Entries taken from a collection:
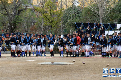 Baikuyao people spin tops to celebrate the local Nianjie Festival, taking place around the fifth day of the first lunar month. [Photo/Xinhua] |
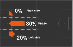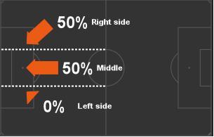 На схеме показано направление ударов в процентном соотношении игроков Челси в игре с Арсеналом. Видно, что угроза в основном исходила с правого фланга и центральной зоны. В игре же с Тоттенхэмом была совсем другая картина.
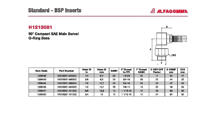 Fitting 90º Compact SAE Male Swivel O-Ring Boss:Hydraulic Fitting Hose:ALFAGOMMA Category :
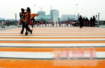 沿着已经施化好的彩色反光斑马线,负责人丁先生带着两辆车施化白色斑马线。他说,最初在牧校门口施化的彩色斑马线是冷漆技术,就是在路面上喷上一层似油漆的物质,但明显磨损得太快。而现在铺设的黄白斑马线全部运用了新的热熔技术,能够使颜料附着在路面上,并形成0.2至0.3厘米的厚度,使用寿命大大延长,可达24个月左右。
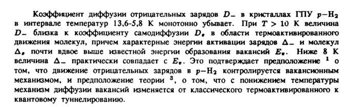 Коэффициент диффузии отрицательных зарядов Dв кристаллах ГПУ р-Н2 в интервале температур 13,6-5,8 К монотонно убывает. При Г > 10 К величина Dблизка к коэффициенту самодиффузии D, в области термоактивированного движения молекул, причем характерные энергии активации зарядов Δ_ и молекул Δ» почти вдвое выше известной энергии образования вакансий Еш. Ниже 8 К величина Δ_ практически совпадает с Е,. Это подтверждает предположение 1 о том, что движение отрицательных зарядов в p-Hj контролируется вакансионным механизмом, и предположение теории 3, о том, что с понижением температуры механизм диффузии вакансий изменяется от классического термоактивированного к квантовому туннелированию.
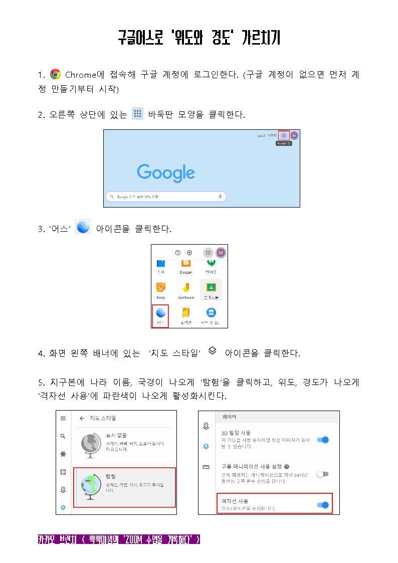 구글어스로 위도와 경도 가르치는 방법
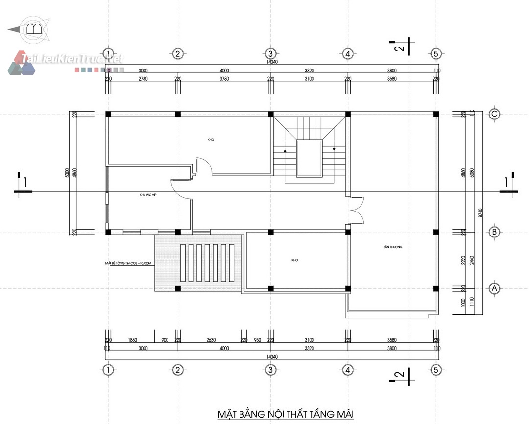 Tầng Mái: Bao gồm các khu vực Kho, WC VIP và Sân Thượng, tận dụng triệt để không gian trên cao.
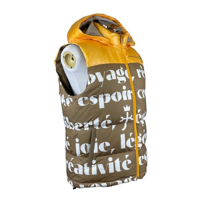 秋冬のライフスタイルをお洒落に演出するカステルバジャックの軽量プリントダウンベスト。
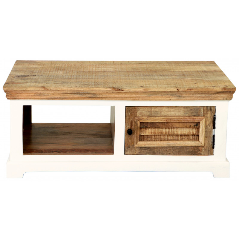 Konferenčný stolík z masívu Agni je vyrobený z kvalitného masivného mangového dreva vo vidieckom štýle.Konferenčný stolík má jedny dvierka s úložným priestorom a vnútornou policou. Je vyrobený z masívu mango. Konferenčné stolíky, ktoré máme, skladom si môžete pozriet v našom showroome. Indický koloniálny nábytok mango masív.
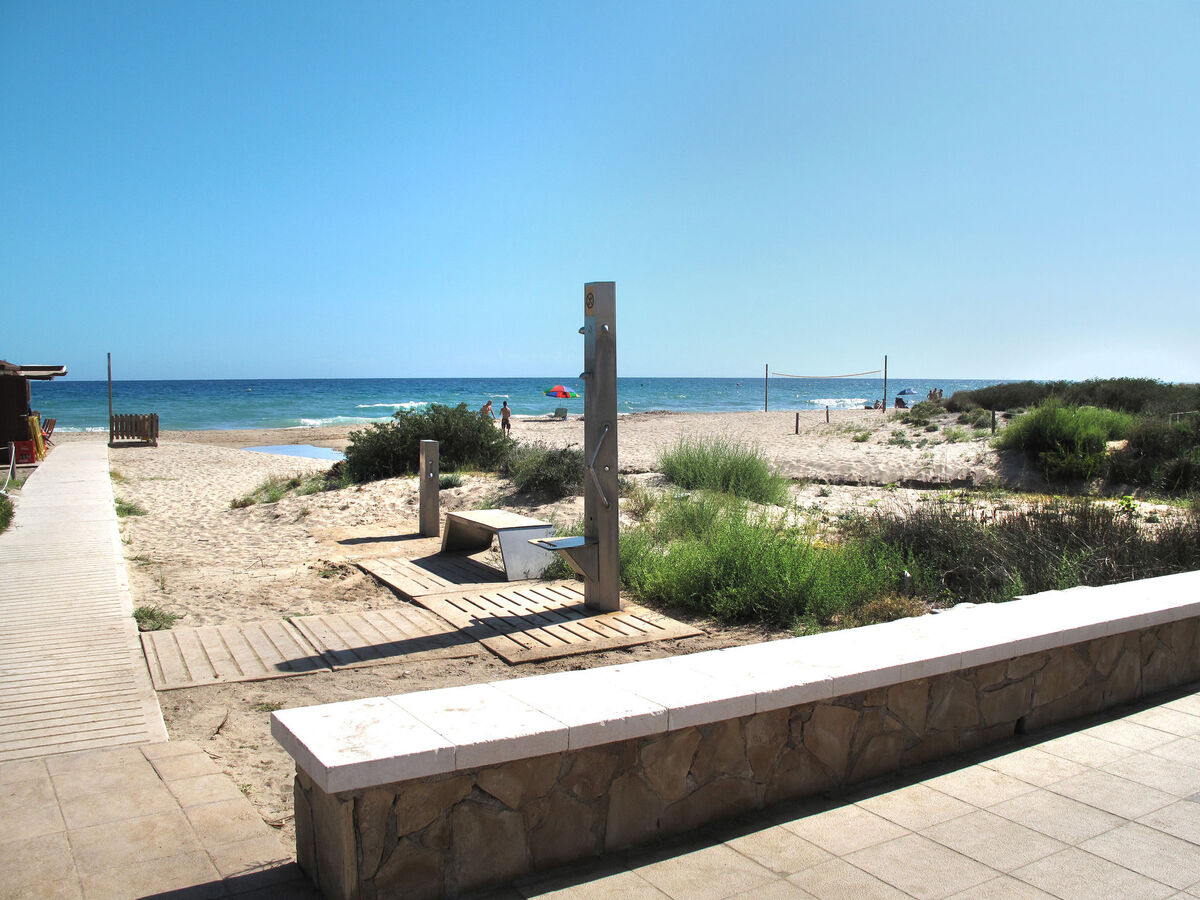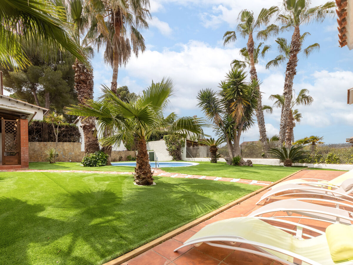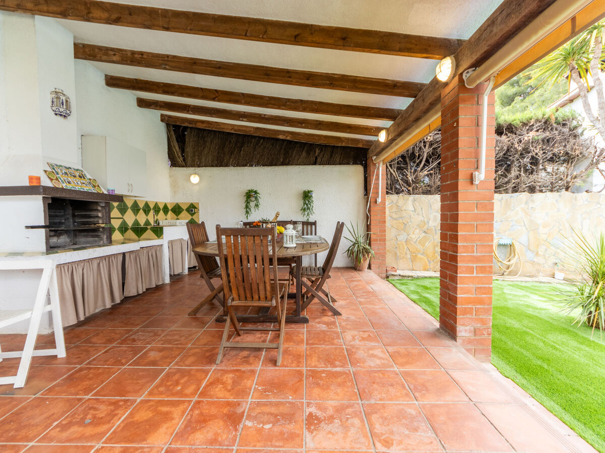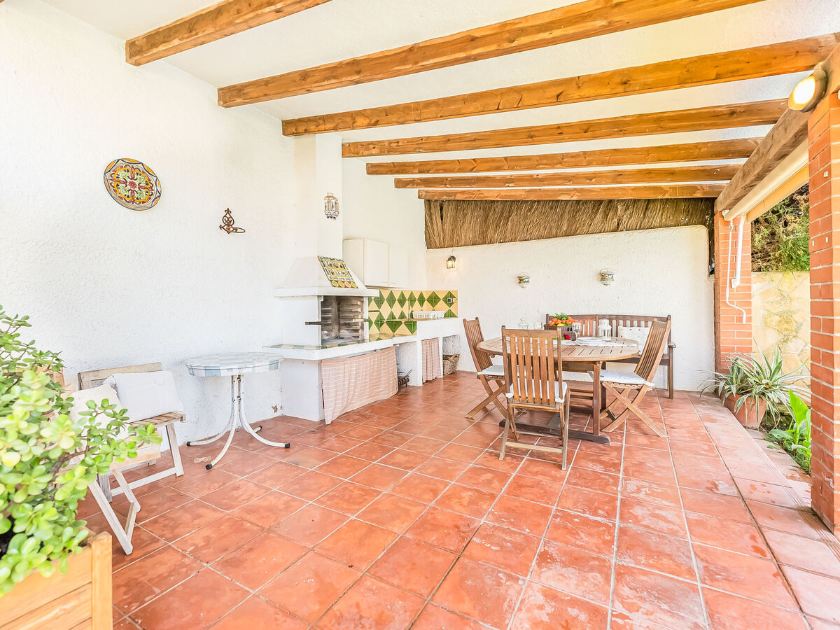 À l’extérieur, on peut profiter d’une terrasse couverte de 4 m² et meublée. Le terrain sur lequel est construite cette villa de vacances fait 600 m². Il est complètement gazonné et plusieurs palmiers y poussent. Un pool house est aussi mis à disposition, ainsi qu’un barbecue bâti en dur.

**Task directions:** Copy exactly the lines from the one containing "秋冬のライフスタイルをお洒落" through the last line of the records above, including both, and omit every picture.

**Written solution:**
 秋冬のライフスタイルをお洒落に演出するカステルバジャックの軽量プリントダウンベスト。
 Konferenčný stolík z masívu Agni je vyrobený z kvalitného masivného mangového dreva vo vidieckom štýle.Konferenčný stolík má jedny dvierka s úložným priestorom a vnútornou policou. Je vyrobený z masívu mango. Konferenčné stolíky, ktoré máme, skladom si môžete pozriet v našom showroome. Indický koloniálny nábytok mango masív.
 À l’extérieur, on peut profiter d’une terrasse couverte de 4 m² et meublée. Le terrain sur lequel est construite cette villa de vacances fait 600 m². Il est complètement gazonné et plusieurs palmiers y poussent. Un pool house est aussi mis à disposition, ainsi qu’un barbecue bâti en dur.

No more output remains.